Desconfíen siempre del Gobierno

Lance Armstrong y la triple B menos

Parece finalmente que ese fenómeno de la naturaleza que era Lance Armstrong seguía un programa de dopaje complejo y sofisticado que consiguió, durante años, engañar a las autoridades deportivas. Ahora que todo está saliendo al descubierto, amenazan con retirarle siete tours y una medalla olímpica de oro. El ciclista va a pasar de los libros de Historia a los anales de la infamia.

De la triple A a la triple B y bajando…

El Reino de España gozaba hasta hace poco de la mejor calificación crediticia posible: AAA. Sin embargo esta misma semana Standard & Poors (S&P) se la acaba de rebajar al nivel BBB-. Después de esta última nota, viene la temida de BB+ que introduce a los bonos españoles entre las denominadas inversiones especulativas o bonos basura. No crean que eso ya es el infierno, se puede seguir cayendo hasta la CCC de Grecia o, aún peor, la D con que se califican los títulos impagados. Digamos que estamos en el purgatorio de los altos tipos de interés para financiar el déficit público.

La pregunta es ¿cómo hemos podido caer tan bajo en tan poco tiempo. Pues mire usted, que decía aquel presidente del Gobierno, porque durante años hemos utilizado las mismas técnicas que Lance Armstrong para estar en lo alto del pódium, pero tal vez haya una diferencia entre la forma de actuar de Armstrong y el de las autoridades económicas españolas y europeas: el primero parece que engañó a todos, las segundas sólo a sus electorados, porque hubo quienes avisaron del nivel de dopaje que llevaban nuestras economías. En ambos casos, el ciclista y las autoridades, se engañaron a si mismos y esperaron que el tiempo lo tapase todo.

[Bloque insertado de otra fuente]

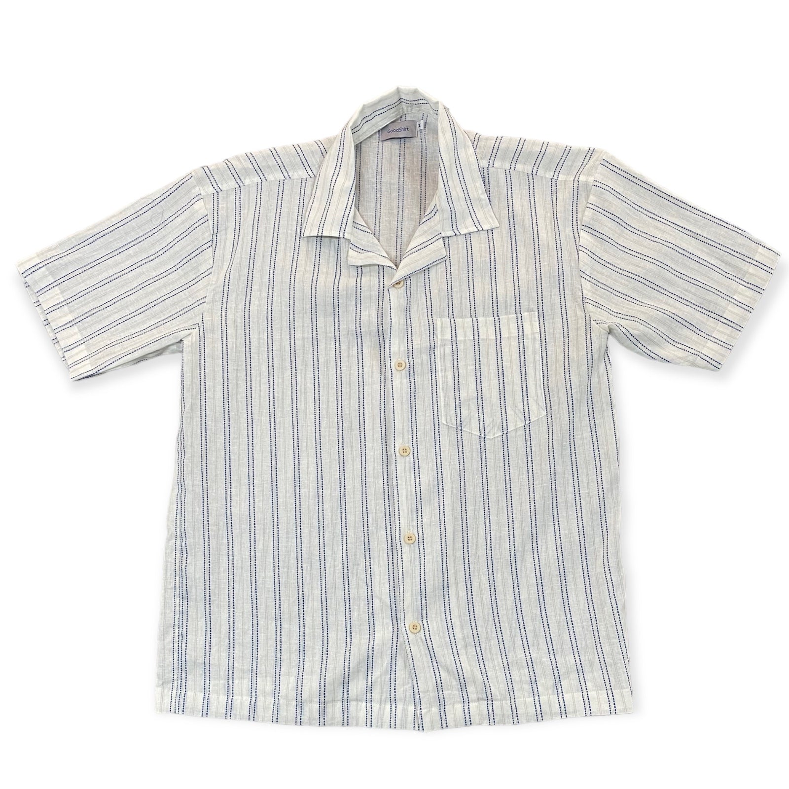 Sold OutGood Shirt Short Sleeve Open Collar Shirt - Blue Dobby Stripe
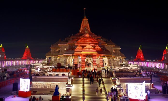 लखनऊ, 24 नवम्बर (एजेंसियां)। ध्वजारोहण कार्यक्रम-2025 से ठीक पहले अयोध्या के श्रीराम जन्मभूमि मंदिर परिसर में आस्था और आध्यात्मिकता के अद्वितीय रंग बिखरे दिखे। पूरे मंदिर क्षेत्र को दीपों, फूलों और आकर्षक रोशनी से सजाया गया है, जिससे पूरा परिसर स्वर्गिक आभा से दमक उठा। रामलला के दर्शन को लेकर सुबह से ही श्रद्धालुओं की लंबी कतारें लग गईं। भक्तों के जयश्रीराम के उद्घोष से पूरा वातावरण श्रद्धा और उत्साह से गूंज उठा।
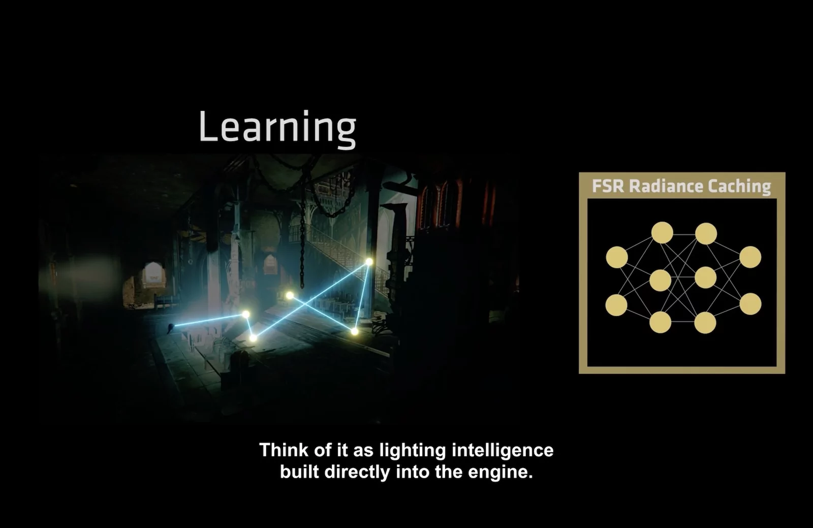 Вторым новым инструментом выступает технология FSR Radiance Caching — это метод глобального освещения, при котором рендерер вычисляет тяжёлое непрямое освещение в ограниченном наборе точек сцены, а затем повторно использует полученный результат для интерполяции ближайших пикселей или точек затенения. В AMD объяснили, что это сокращает количество лучей и отражений, которые необходимо обработать трассировкой, и это приводит к более быстрой обработке непрямого освещения, мягких отражений и цветового смешения. Правда, сработает инструмент только в том случае, если освещение не меняется слишком уж резко между закэшированными точками.
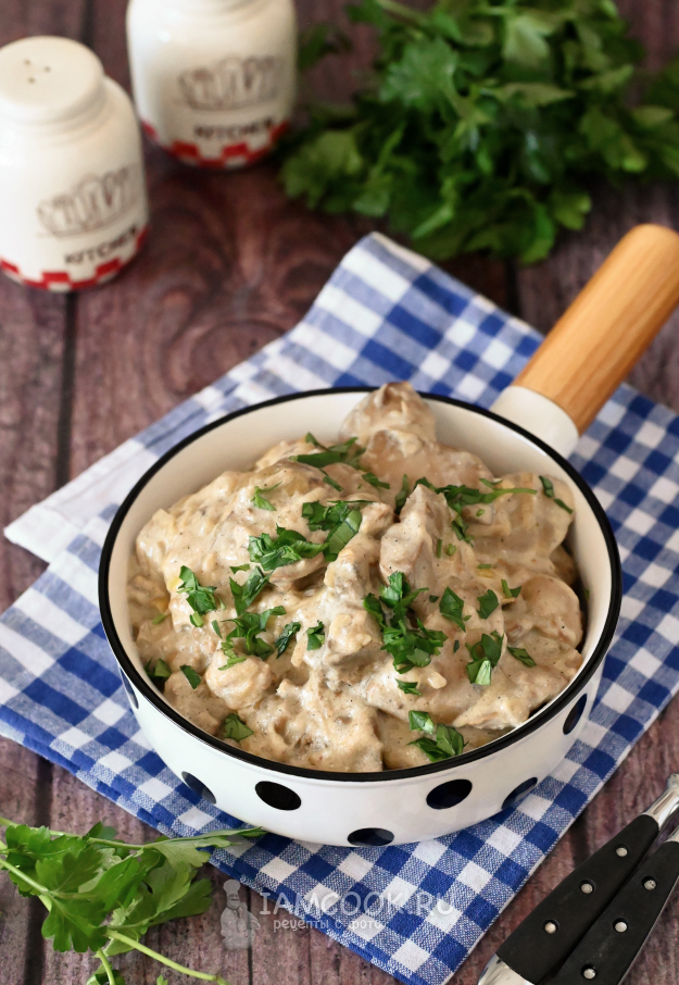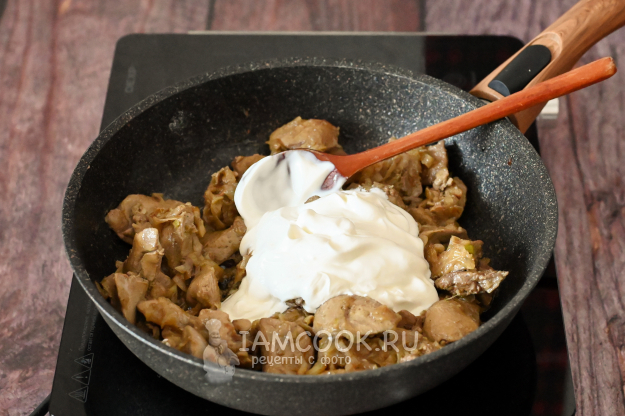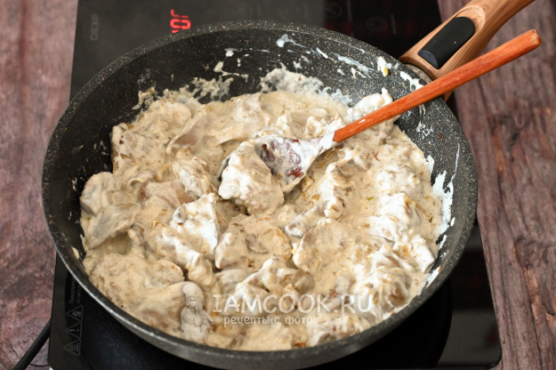 Добавьте в сковороду к печени сметану. Жирность выбирайте на свой вкус. Мне кажется, сметана 15-20% жирности - то, что надо.
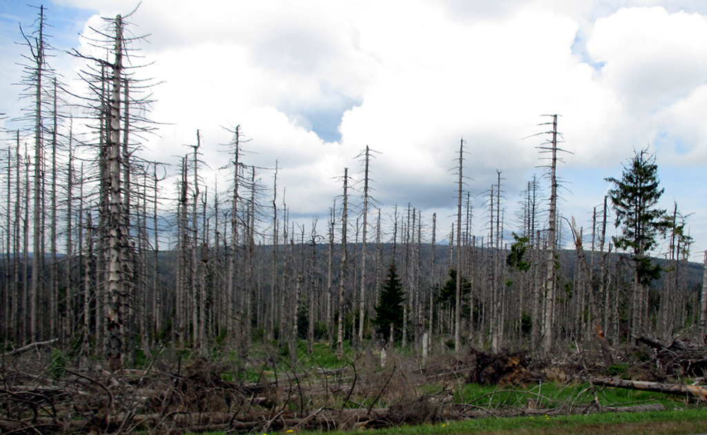 Am Willkommensschild für den Nationalpark Harz scheint die Welt noch in Ordnung. Im Tal fallen abgestorbene Bäume noch nicht so sehr auf. Doch je höher wir kommen, desto gravierender entwickelt es sich. Bei Torfhaus, der mit etwa 800 Metern höchstgelegenen Siedlung in Niedersachsen, die ihren Namen dem Torfabbau verlangt, ist es schlimm.
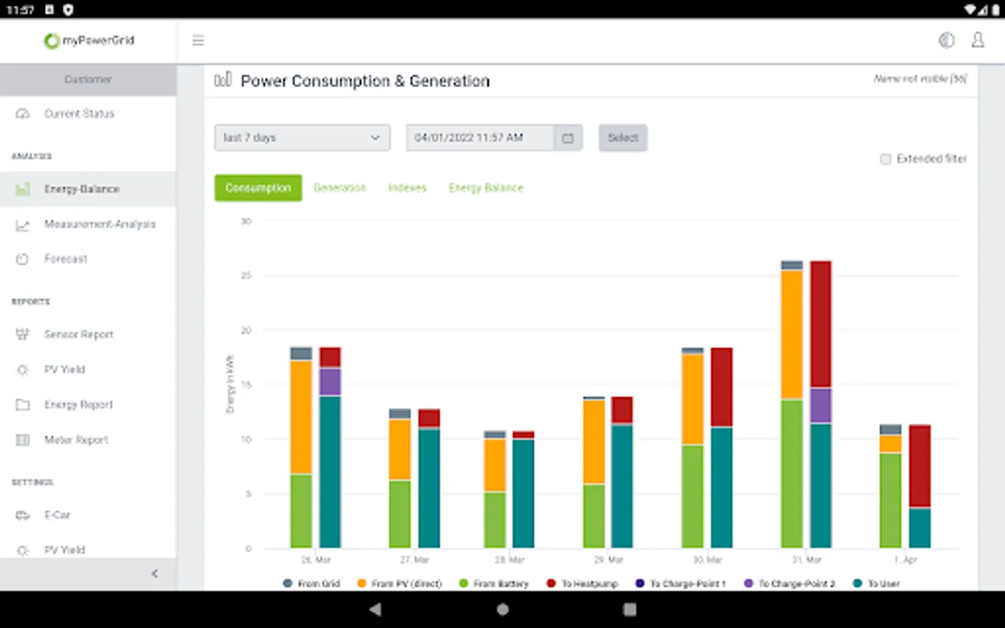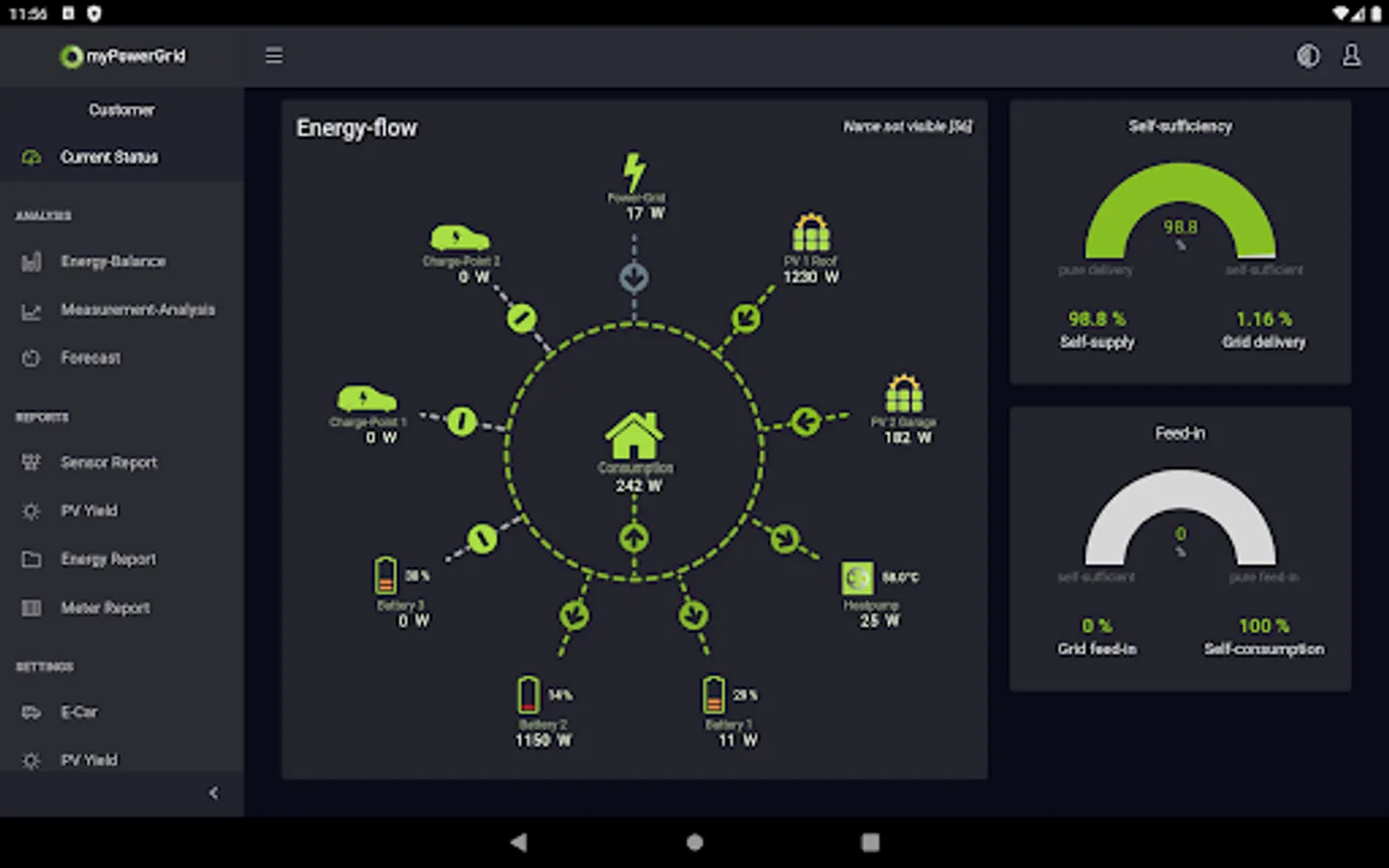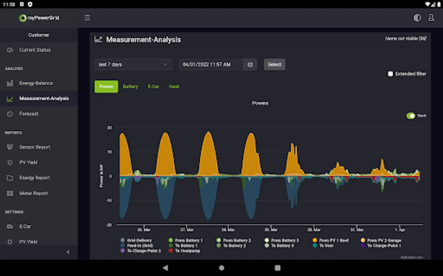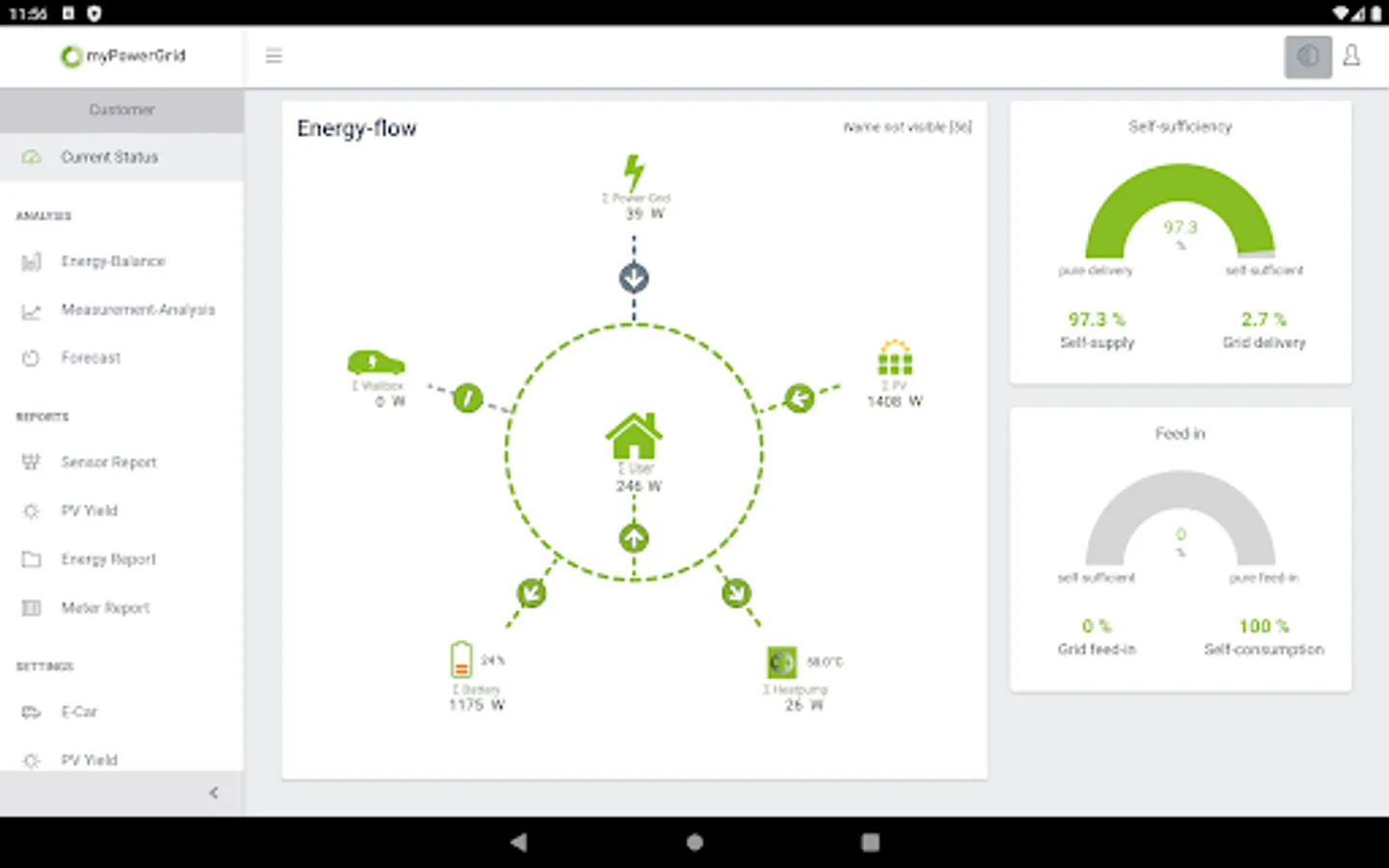 myPowerGrid is our solution for the intelligent control of energy flows in your own home or company. Our myPowerGrid app gives you the ability to monitor, control and analyze energy flows in your property to get the most out of your renewable energy. Each of your energy managers ("Amperix") is clearly displayed here in one platform, and can now be viewed on the go. Discover the possibilities of our algorithms and services and use them now even more comfortably!

Esas pastillitas tan ricas

La economía española ha estado dopada a base de crédito fácil. El Banco Central Europeo optó por una política monetaria laxa que permitió a las administraciones públicas gastar sin cobrar los impuestos que habrían correspondido a dicho nivel de gasto. Permitió, además, que las clases trabajadoras, cuyos salarios se habían deteriorado mucho en los últimos treinta años, mantuvieran, o incluso incrementasen, un nivel de consumo que no se correspondía con dichos salarios. El gasto público favoreció a las actividades económicas dedicadas a proveer bienes y servicios a las administraciones públicas en detrimento de otras, más orientadas a satisfacer las demandas del público en general. En el fondo un cuadro típico, desde un enfoque keynesiano, de los que se explican en algunas facultades para salir de las crisis: política monetaria expansiva (liquidez abundante) y política fiscal expansiva (déficit público). El problema es que si esa fórmula expansiva funcionara, como gustan de defender los economistas keynesianos aunque no lo hace, sería, según ellos mismos, en una situación de crisis. Sin embargo, esta fórmula se ha utilizado como política habitual. Algo así como los ciclistas que dan positivo en los controles de dopaje y afirman que era una medicina que no han dejado de tomar desde que estuvieron enfermos. Nos hemos acostumbrado a subir cuestas sin esfuerzo y a ver quién es el guapo, que diría el castizo, que nos retira ahora esas pastillitas que tan bien nos sentaban.